4/11/2023 We developed a unique strategy for advancing biomedical research that prioritizes high-impact, patient-centered studies by crowdsourcing research ideas from the entire community of stakeholders, including patients, loved ones, physicians, and researchers.
Through our approach, we successfully created a patient-centered research agenda for Castleman disease and generated a list of best practices that can be used as a model for other rare diseases. We hope that by sharing our insights and approach, other rare disease organizations will pursue a patient-centric approach and prioritize high-impact research that truly addresses the needs of patients.

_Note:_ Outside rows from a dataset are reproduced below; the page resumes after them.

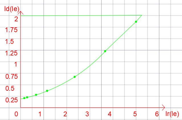 根據(jù)以上試驗(yàn)數(shù)據(jù)的制動(dòng)電流Ir和差動(dòng)電流Id,即可描繪出發(fā)電機(jī)縱差比率邊界曲線圖。
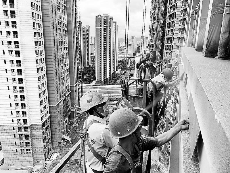 為保證項(xiàng)目施工進(jìn)度,聯(lián)美公司龍巖“美倫·生態(tài)城”項(xiàng)目參建人員搶抓“施工黃金期”,開足馬力,加快推進(jìn)工程進(jìn)度。圖為近日,現(xiàn)場施工人員正在進(jìn)行外墻真石漆噴涂作業(yè)。(徐宗鷺 攝)
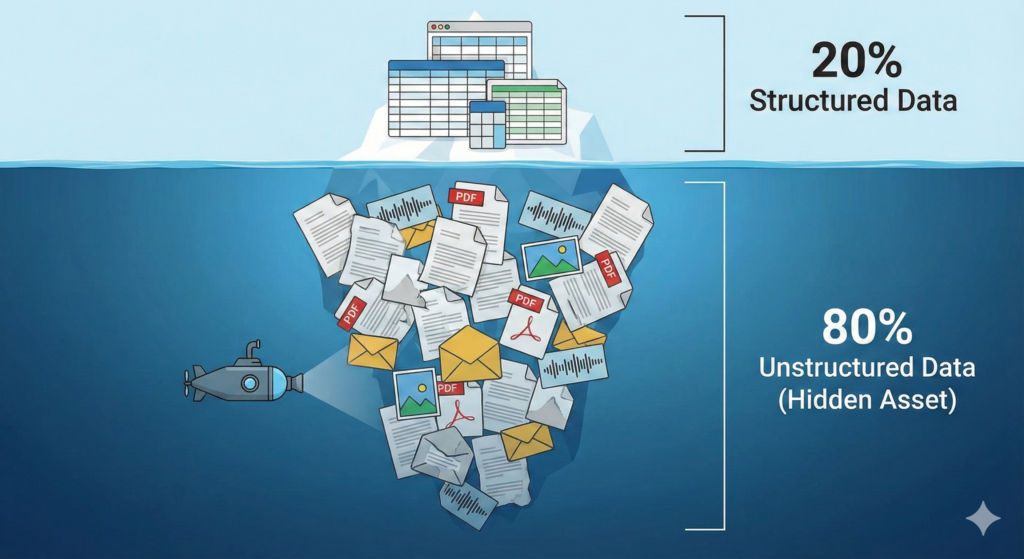 しかし、生成AIはこの「捨てられていた8割」を宝の山に変えます。
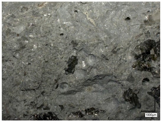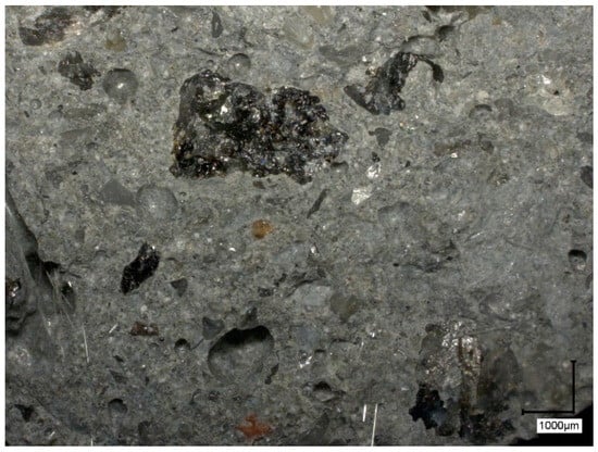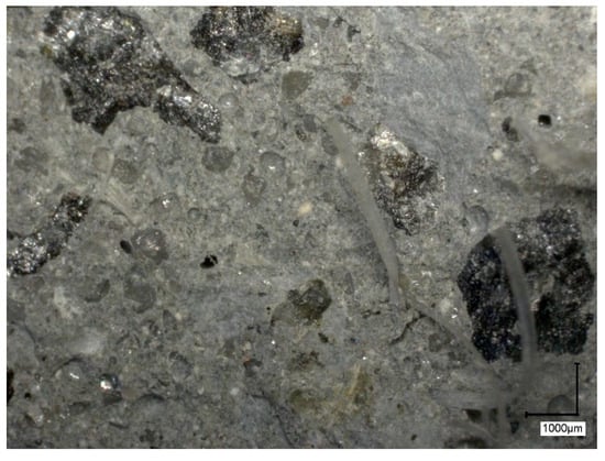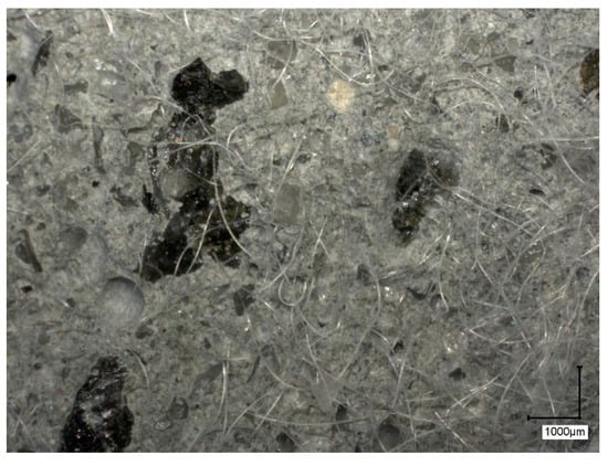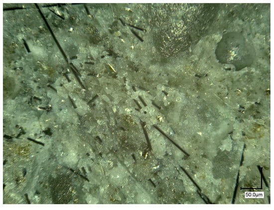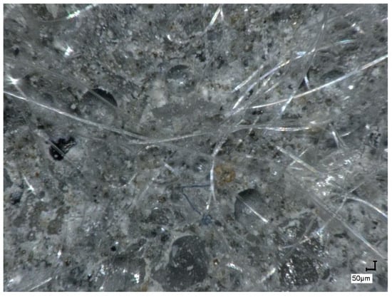The visual inspection of the optical images shows that the incorporation of the fibres resulted in an increase in the larger pores of the FRHPC, which can be seen clearly in Figure 9, Figure 10, Figure 11, Figure 12, Figure 13, Figure 14, Figure 15, Figure 16, Figure 17 and Figure 18. It must be noted that a direct porosity measurement, such as mercury intrusion porosimetry, is needed to characterize porosity quantitatively.
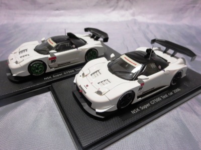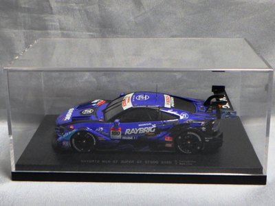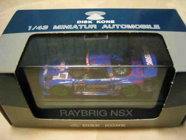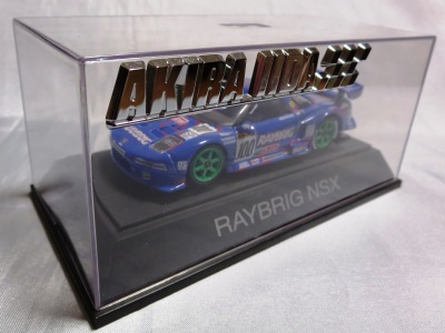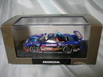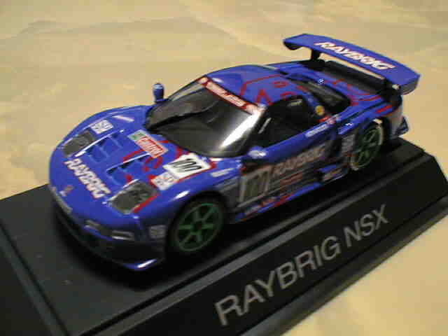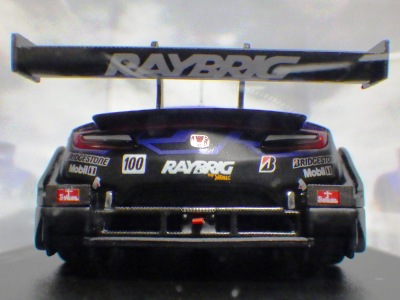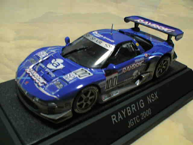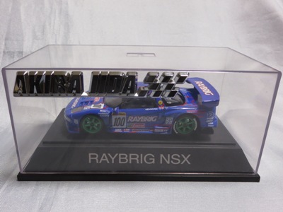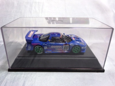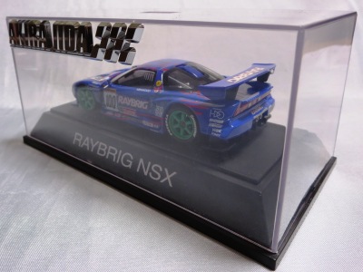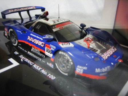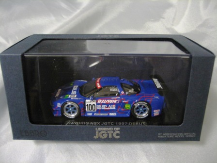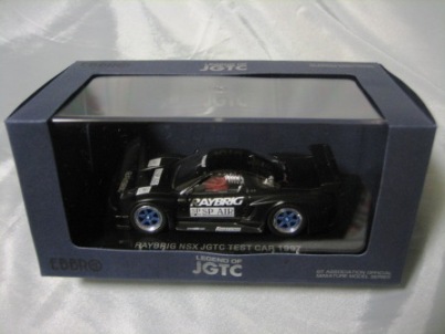 | 2010年1月9日発売。レジェンドオブJGTCシリーズ。カーボンむき出しのボディを、単なるつや消し黒で済まさずに見事に再現している。市販車に限りなく近いシルエットが、巨大化したGTカーを見慣れた目には新鮮。 イベントで、細部の異なるサンプル品が販売されたが、そちらは未入手。 | 2010年2月19日発売。台座には「RAYBRIG NSX JGTC 1997 DEBUT」とあるが、パッケージラベルの商品名は「RAYBRIG NSX JGTC 1997 Rd.2 Fuji」となっている。前年の9月18日に発売された1997仕様のバリエーションで、フロントウインドウのステッカーとリアウイングの色が異なる。 | ||

There are approximately 10,000 rare diseases that affect around 30,000,000 individuals in the U.S.A., most of which do not have an FDA-approved treatment. This fact highlights the failure of traditional research approaches to overcome the unique challenges of developing rare disease treatments. The Castleman Disease Collaborative Network was founded in 2012 to advance research and treatments for Castleman disease, a rare and deadly disease that involves the immune system attacking the body’s vital organs for an unknown cause. It has spearheaded a novel strategy for advancing biomedical research, the Collaborative Network Approach. This approach consists of eight steps, one of which is to identify and prioritize high-impact research questions through crowdsourcing ideas from the entire community of stakeholders: patients, loved ones, physicians, and researchers. Rather than hoping that the right researcher will apply for the right research project at the right time, crowdsourcing high-priority research projects into a research strategy ensures that the most high-impact, patient-centered studies are prioritized. The Castleman Disease Collaborative Network launched an initiative in 2021 to systematically generate this list of community-directed studies to focus Castleman disease research efforts.